There’re some leaps here, because research in some of the necessary areas is sketchy (or not done yet), but if you read the entirety of this article, you’ll learn how to get a significantly more gains from Growth Hormone, for pennies a day, by the addition of a readily available (and cheap) addition to it. And yeah, it’s a drug you can get anywhere on the ‘net, very easily. And no, it’s not a steroid.

In fact, I’ll go so far as to say you’re throwing away a substantial portion of your gains from growth hormone if you are not using this drug with it.

Ok…I’ll explain things a bit further. First, a brief explanation of Thyroid Hormone as well as Growth Hormone may be necessary. 

Your thyroid gland secretes two hormones that are going to be of primary importance in understanding Thyroid/GH interaction. The first is thyroxine (T4) and the second is triiodothyronine (T3). T3 is frequently considered the physiologically active hormone, and consequently the one on which most athletes and bodybuilders focus their energies on. T4, on the other hand, is converted in peripheral tissue into T3 by the enzymes in the deiodinase group, of which there are three types- the three iodothyronine deiodinase either catalyze the initiation (D1, D2) or termination (D3) of thyroid hormone effects. The majority of the body's T3 (about 80%) comes from this conversion via the first two types of deiodinase, while conversion to an inactive state is accomplished by the third type. 

It’s important to note that not all of the body’s T4 is converted to T3, however- some remains unconverted. The secretion of T4 is under the control of Thyroid Stimulating Hormone (TSH) which is produced by the pituitary gland. TSH secretion is in turn controlled through release of Thyrotropin Releasing Hormone which is produced in your hypothalamus. So, when T3 levels go up, TSH secretion is suppressed, due to the body’s self regulatory system known as the "negative feedback loop" . This is also the mechanism whereby exogenous thyroid hormone suppresses natural thyroid hormone production. However, it should be noted that thyroid stimulating hormone (like all other hormones) can not work in a vacuum. TSH also requires the presence of Insulin or Insulin-like Growth Factor to stimulate thyroid function (1) When thyroid hormone is present without either insulin or IGF-1, it has no physiological effect (ibid).

Most people think that T3 is just a physiologically active hormone that regulates bodyfat setpoint and has some minor anabolic effects, but in actuality, in some cases of delayed growth in children, T3 is actually too low, while GH levels are normal, and this has a growth limiting effect on several tissues (2) This could be due to T3’s ability to stimulate the proliferation of IGF-1 mRNA in many tissues (which would, of course, be anabolic), or it could be due to the synergistic effect T3 has on GH, specifically on regulation of the growth hormone gene. Although it is largely overlooked in the world of performance enhan***ent, regulation of the growth hormone response is predominantly determined by positive control of growth hormone gene transcription which is proportional to the concentration of thyroid hormone-receptor complexes, which are influenced by T3 levels. (3)
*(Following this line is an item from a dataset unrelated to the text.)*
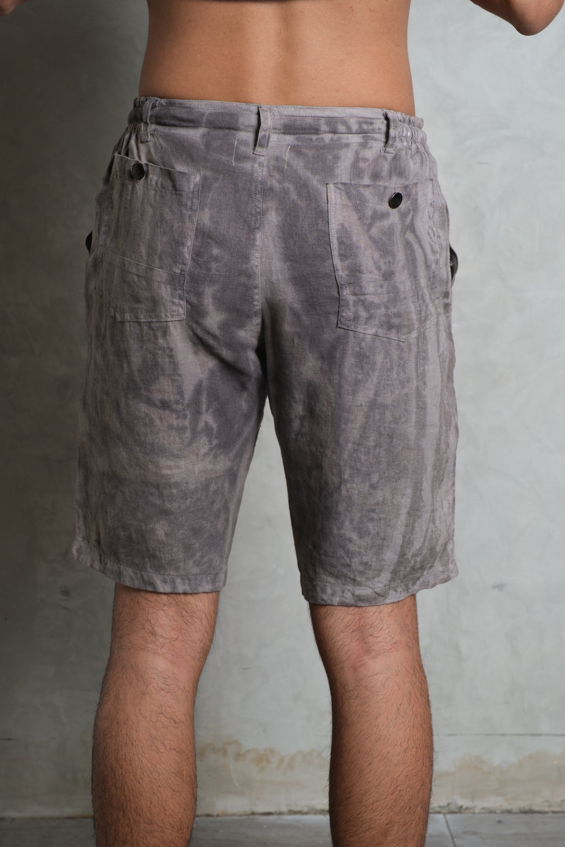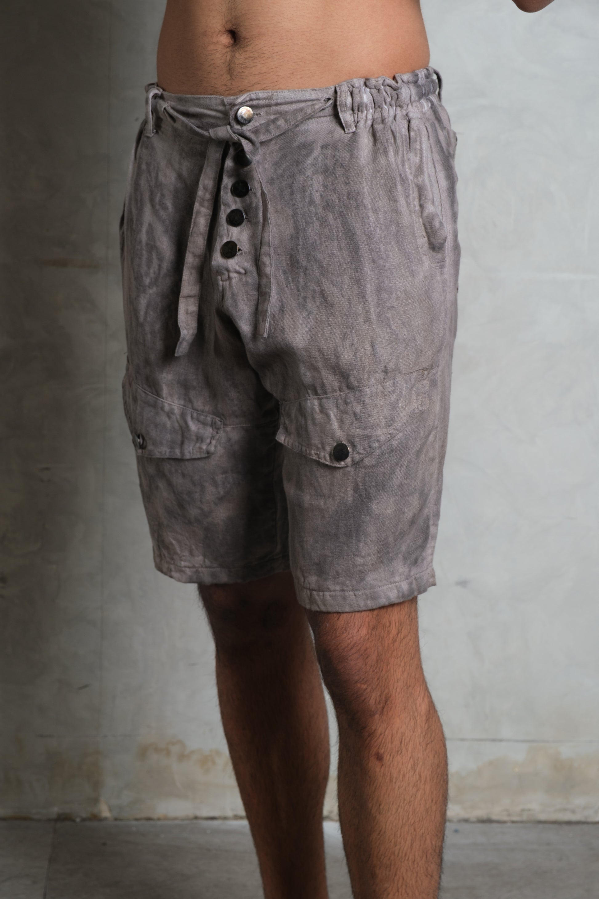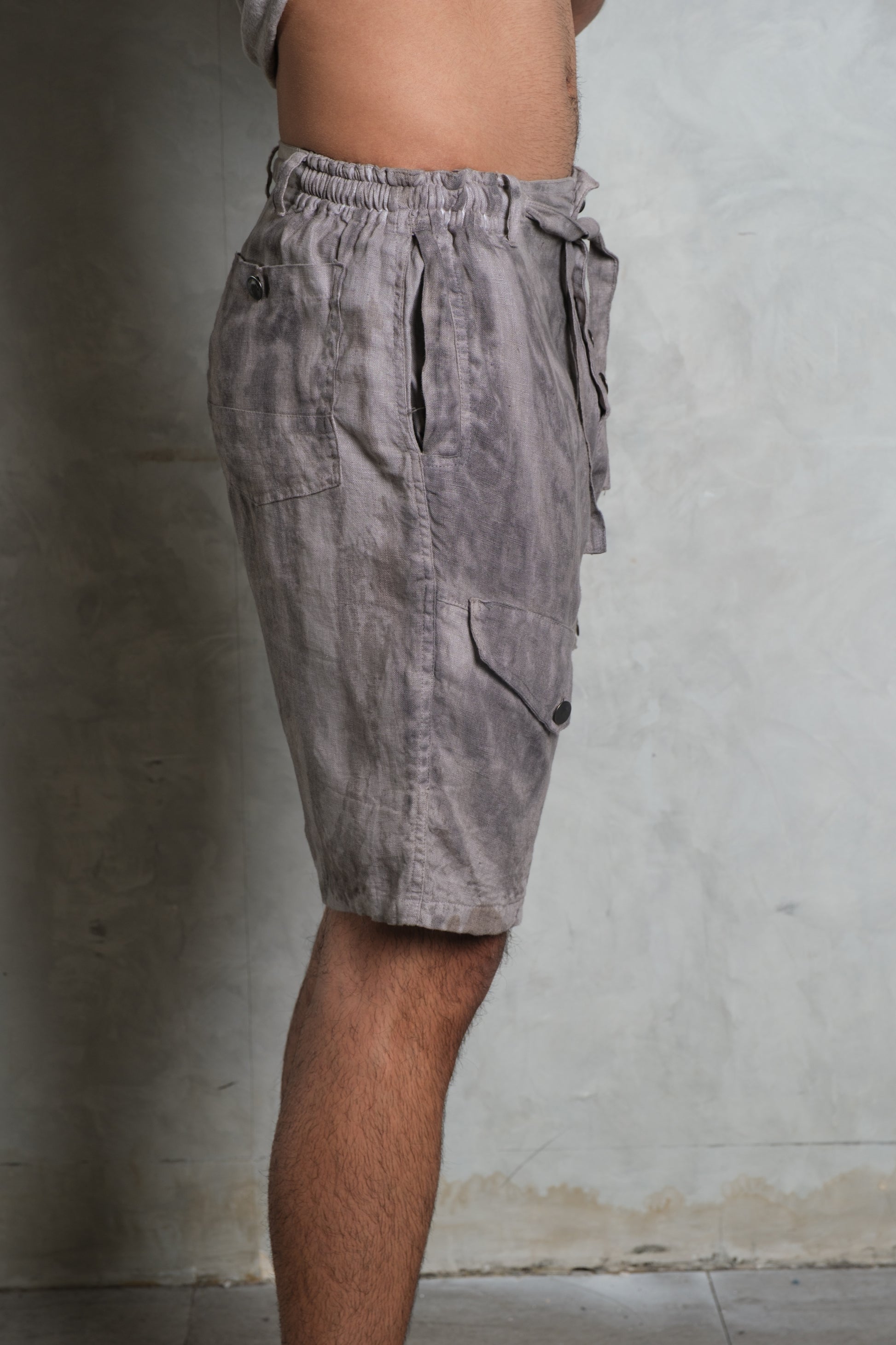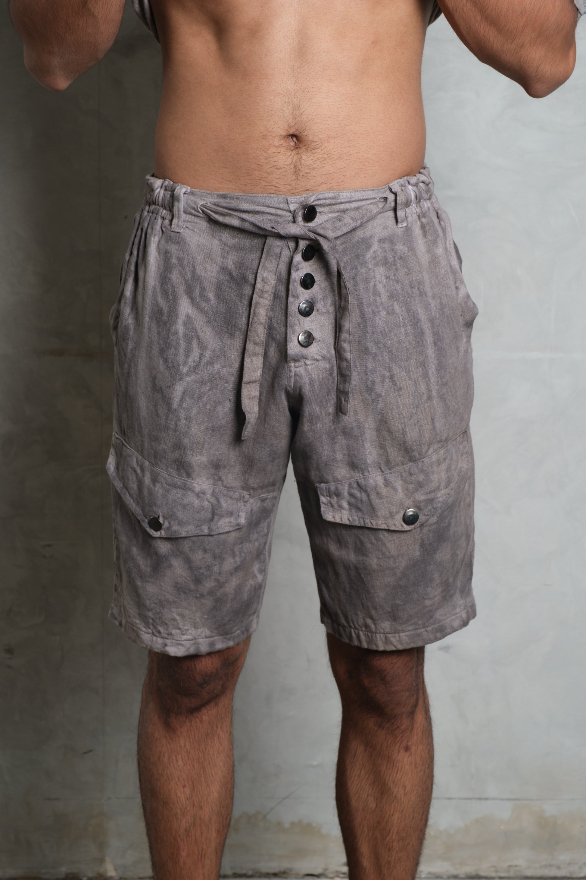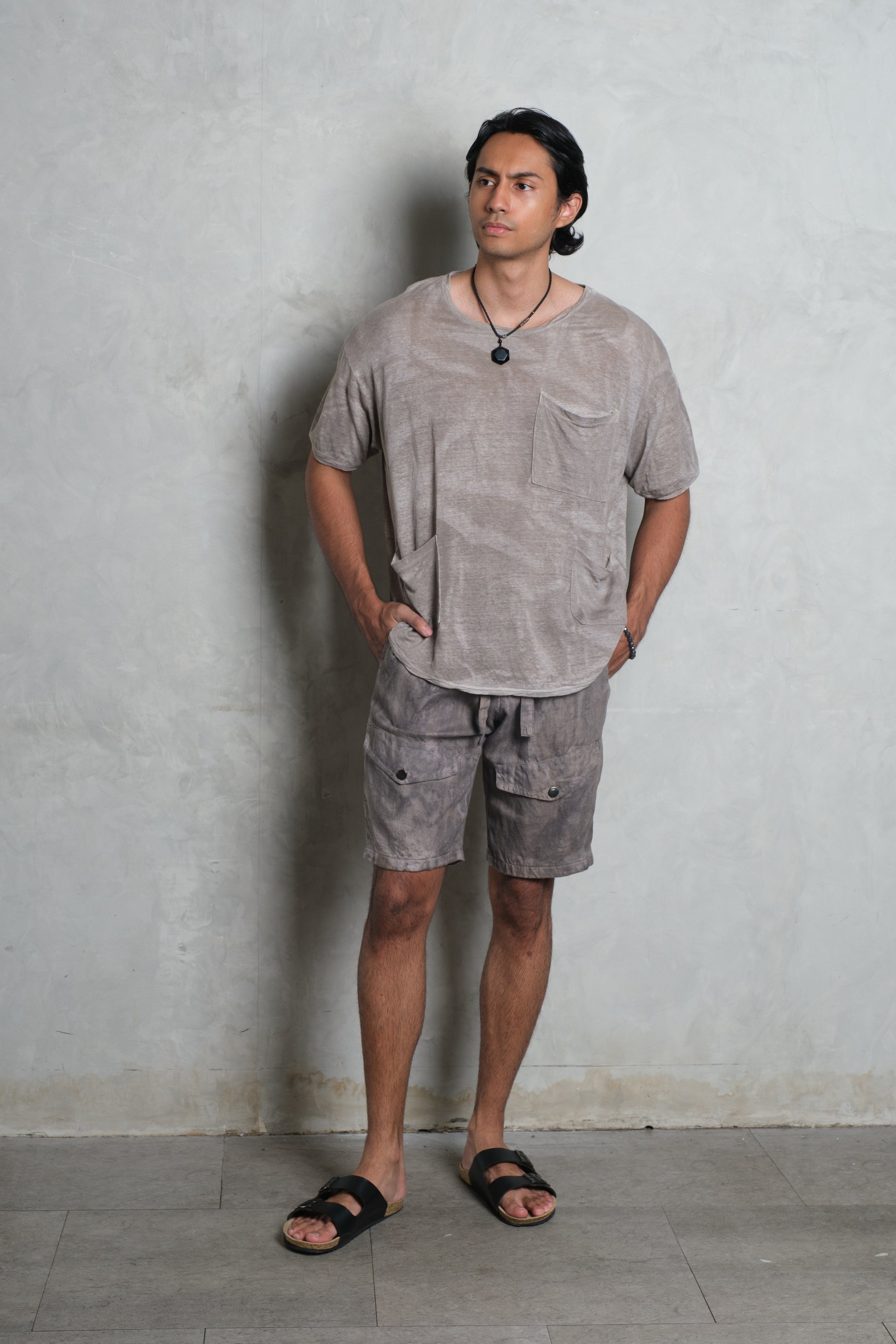 The SI Shorts reimagine the cargo silhouette with a contemporary edge. Cut from French linen, they are naturally breathable yet strong, designed for effortless movement and daily wear. Each pair is individually pigment-dyed in Smoke, Apache, or Olive — a natural process that creates subtle distressed finishes, ensuring no two are ever alike. Front and back pockets bring utility, while the addition of side cargo pockets adds structure and function. Finished with industrial-style metal buttons and a relaxed tie-front closure, the SI Shorts embody understated strength and modern sprezzatura — an essential piece for the Muda js. MAN.

At this point, just to give you a better understanding of what’s going on, I think it’s prudent to also give a brief explanation of Growth Hormone (GH) as well. 

Your body’s GH is regulated by many internal factors, such as hormones and enzymes. hormones. A change in the level of your body’s GH output begins in the hypothalamus with somatostatin (SS) and growth hormone-releasing hormone (GHRH). Somatostatin exerts its effect at the pituitary to decrease GH output, while GHRH acts at the pituitary to increase GH output. Together these hormones regulate the level of GH you have in your body. In many cases, GH deficiency presents with a low level of T3, and normal T4(4). This is of course because conversion of T4-T3 is partially dependant on GH (and to some degree GH stimulated IGF-1), and it’s ability to stimulate that conversion process of T4 into T3.

Interestingly, the hypothalamus isn’t the only place where SS is contained; the thyroid gland also contains Somatostatin-producing cells. This is of interest to us, because in the case of the thyroid, it’s been noted that certain hormones which were previously thought only to govern GH secretion can also influence thyroid hormone output as well. SS can directly act to inhibit TSH secretion or it may act on the hypothalamus to inhibit TRH secretion. So when you add GH into your body from an outside source, you are triggering the body into releasing SS, because your body no longer needs to produce its own supply of GH…and unfortunately, the release of SS can also inhibit TSH, and therefore limit the amount of T4 your body produces. 

But that’s not the only interaction we see between the thyroid and Growth Hormone. 

As we learned in high-school Biology class, the body likes to maintain homeostasis, or "normal" operating conditions. This is the body’s version of the status quo, and it fights like hell to maintain the comfort of the status quo (much like moderators on most steroid discussion boards). What we see with thyroid/GH interplay is that physiological levels of circulating thyroid hormones are necessary to maintain normal pituitary GH secretion, due to their directly stimulatory actions. However, when serum concentrations of thyroid hormone increase above the normal range we see an increase in hypothalamic somatostatin action, which suppresses pituitary GH secretion and overrides any stimulatory effects that the thyroid hormone may have had on GH. The suppression of GH secretion by thyroid hormones is probably mediated at the hypothalamic level by a decrease in GHRH release(5). 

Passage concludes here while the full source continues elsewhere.